Given that $x,y$ real numbers such that :
$x^2+xy+y^2=4$
And
$x^4+x^2y^2+y^4=8$
How can one calculate :
$x^6+x^3y^3+y^6$
Can someone give me hint .
Given that $x,y$ real numbers such that :
$x^2+xy+y^2=4$
And
$x^4+x^2y^2+y^4=8$
How can one calculate :
$x^6+x^3y^3+y^6$
Can someone give me hint .
Note that $$(x^2+xy+y^2)^2-2xy(x^2+xy+y^2)=x^4+x^2y^2+y^4 $$ so that $$ xy = 1.$$ Then $$\begin{align}x^6+x^3y^3+y^6&=(x^4+x^2y^2+y^4)(x+xy+y^2)-xy^5-2x^2y^4-2x^4y^2-yx^5\\ &=8\cdot 4-xy(x^4-2x^3y-2xy^3-y^4)\\ &=32-1\cdot ((x^4+x^2y^2+y^4)-xy(2x^2-xy-2y^2))\\ &=24+1\cdot(2(x^2+xy+y^2)-3xy)\\ &=29 \end{align} $$ (I suppose) Just keep subtracting simple products and powers of the given polynomials to get rid of moniomials not divisible by $xy$, then divide out $xy$ from the rest and continue.
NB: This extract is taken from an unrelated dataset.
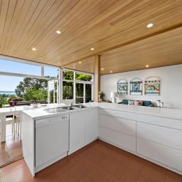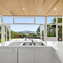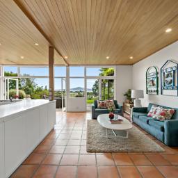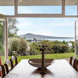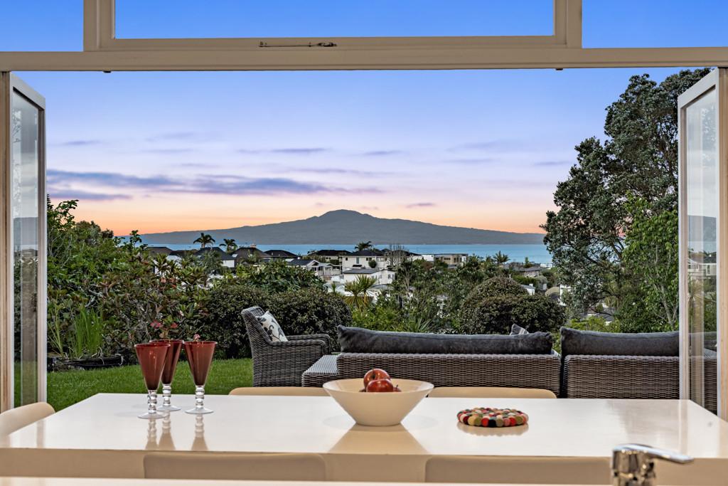 Perched proudly on the ridge and capturing sweeping views of Rangitoto, this striking North facing 1950s residence embodies enduring architectural elegance and relaxed sophistication.

Alternatively to the above, you might also start by subtracting $(x^2+xy+y^2)^3$, which would also "kill" the $x^6$ and $y^6$.
why not. $$ x^4 + x^2 y^2 + y^4 = (x^2 + xy + y^2)(x^2 - xy+y^2). $$ Worth memorizing. So $$ x^2 - xy + y^2 = 2. $$ Also $$ 2xy = 2, \; \; \; xy=1. $$ And $$ x^2 + y^2 = 3. $$ $$ 27 = (x^2 + y^2)^3 = x^6 + 3 x^4 y^2 + 3 x^2 y^4 + y^6 = x^6 + y^6 + 3 x^2 y^2 (x^2 + y^2) = x^6 + y^6 + 3 \cdot 1 \cdot 3 = x^6 + y^6 + 9 $$ So, $$x^3 y^3 = 1, \; \; \; x^6 + y^6 = 18, $$ $$ x^6 + x^3 y^3 + y^6 = 19. $$
Denote $a=x/y$, $b=xy$.
Then $$a+1+\frac{1}{a}=\frac{4}{b},$$ $$a^2+1+\frac{1}{a^2}=\frac{8}{b^2},$$ $$a^3+1+\frac{1}{a^3}=?$$
Then from the $1$st equation: $$ \left(a+\frac{1}{a}\right)^2 = \left(\frac{4}{b}-1\right)^2, $$ combining it with $2$nd equation, $\Rightarrow$ $b=1$.
Then, $a+\frac{1}{a}=3$, $a^2+\frac{1}{a^2}=7$; therefore $a^3+\frac{1}{a^3}=\left(a+\frac{1}{a}\right)\left(a^2+\frac{1}{a^2}\right) - \left(a+\frac{1}{a}\right) = 21-3=18$.
Then $a^3+1+\frac{1}{a^3}=19$. Myltiplying by $b^3=1$, $\Rightarrow$ $x^6+x^3y^3+y^6=19$.